When originally given the constraints of 1990s teenage girl I wondered: “what topic can I do that will be interesting but also have a considerable amount of resources available?” While I am no longer a big fan of classic, cable television due to the creation of streaming services such as Netflix and YouTube that give a more personalized experience I was a big fan of a cable television during my youth. Many of the shows discussed in my research were shows I watched growing up in the late 1990s/early 2000s. Prior to this paper I ran a blog in which I analyzed 13 different 90s television shows by watching episodes/clips available on YouTube or Hulu with one show a week. During this time I discovered many concepts and sources that I had not known about prior to this project so I started formulate ideas during this process of my research. Currently I have 13 blog entries with each one being about a different television show that is approximately 500 words long so I will be building off of that original research in this paper.
As I started to look for different literature about popular 90s television I found many that encompassed the general ideas of the new normal, feminism, and life lessons/morals to be learned. The first show I analyzed that I found an appropriate application to everyday life and realism was Sister, Sister. In TGIF: Thank Goodness It’s Family: Family Messages in ABC’s 1990s Friday Night Lineup by Kourtney Hanna Smith she first introduced me to the idea of Third Wave Feminism Movement and its influence on 90s television and culture by using Sister, Sister as one of her main examples. In this article Third Wave Feminism is described as, “Third wave feminists were urged to take on feminism in a new way in with themes of inclusion, multiplicity [of diversity in the forms of race, class and sexual orientation], contradiction, and everyday feminism,” (Smith, 2015). The author also puts into perspective the necessity for studying television,” Collectively, television family relations are purposive, that is, they achieve outcomes expected of families such as limitation and resolution of conflict, successful socialization of children, and effective management of day-to-day life. However, such portrayals of family life can be misleading, causing unrealistic positive or negative views of how family life functions or how the world works. Inaccurate depictions in fictional television programs can shape cultural views of the world. Because of these inaccurate fictional portrayals, research is necessary to study television’s effects on human thoughts and behaviors,” (Smith, 2015). This inaccuracy of portrayal and the need for accurate portrayal places the need for realism and different points of view to be important parts of television. This is applied to Sister, Sister through the use of realistic problems teenagers might have and the author describes, “Many of the themes and lessons in Sister, Sister’s early episodes deal with adolescence trials and tribulations. Physical appearance and dating woes dominate the girls concerns, from needing dates for the school dance, to being afraid of having a pimple.,” (Smith, 2015)). Real life issues such as these make the show relatable to everyday girls who are watching at home and can then see the process of events after Tia or Tamera respond to the event. This can be used as a learning strategy for young viewers by analyzing what they are watching subconsciously.

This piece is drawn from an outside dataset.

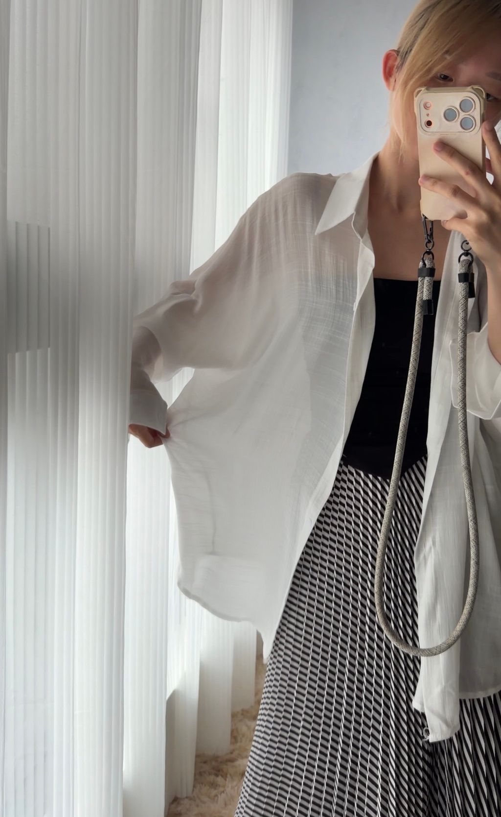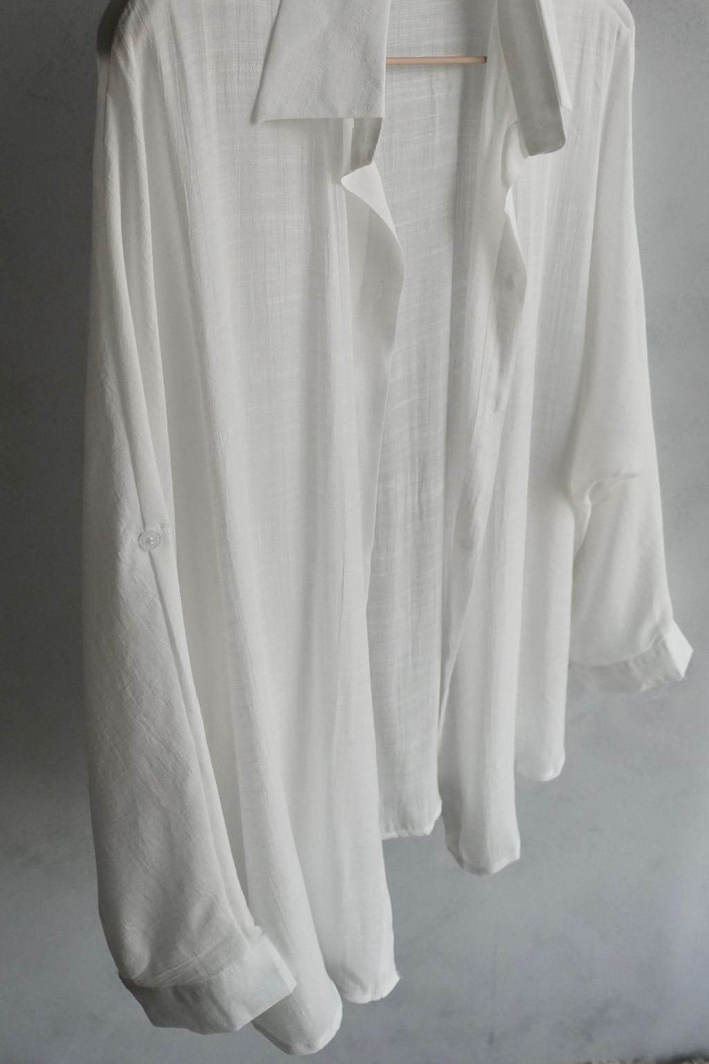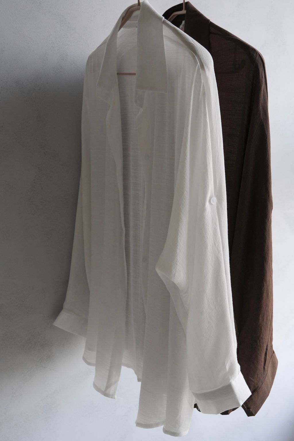 [C] 蝙蝠袖質感垂墜微透寬鬆反摺袖長版襯衫|2色

Other literature included discussion on Sex and the City in Sex and the City: A Postfeminist Point of View? Or How Popular Culture Functions as a Channel for Feminist Discourse by Fien Adrians and Sofie Van Bauwel. The description of feminism in television is continued in a more adult show. Here the author notes that the original creators never intended for Sex and the City as a feminist but that in both academic and media formats it has evolved to represent contemporary feminist ideals. This reading specifically places Sex and the City in the postfeminism era that is described in different ways with some finding it to be a marketing technique done to suck women in to buying what the seller is selling through empowerment while others claim that it is meant to be a balance between feminism and femininity (Adriaens and Van Bauwel, 2011).). The authors support that Sex and the City falls under the second claim and that it blends together feminism and femininity in an interesting way for audiences. Aspects of postfeminism such as consumer culture are a common trend in Sex and the City with it being described in the show as, “By consuming, the female protagonists develop their identity. Public citizenship is constructed through the notion of woman as shopping citizen. Not only goods and services are consumed; men can also be situated within this process of commodification. Men are presented as consumption goods for women to buy, consider, fit and return (when not considered useful),” (Adriaens and Van Bauwel, 2011).). When looking at trends such consumerism in television shows it brings us to ask ourselves, “to what extent does the viewer pick up on it and does it change their habits or ideals?”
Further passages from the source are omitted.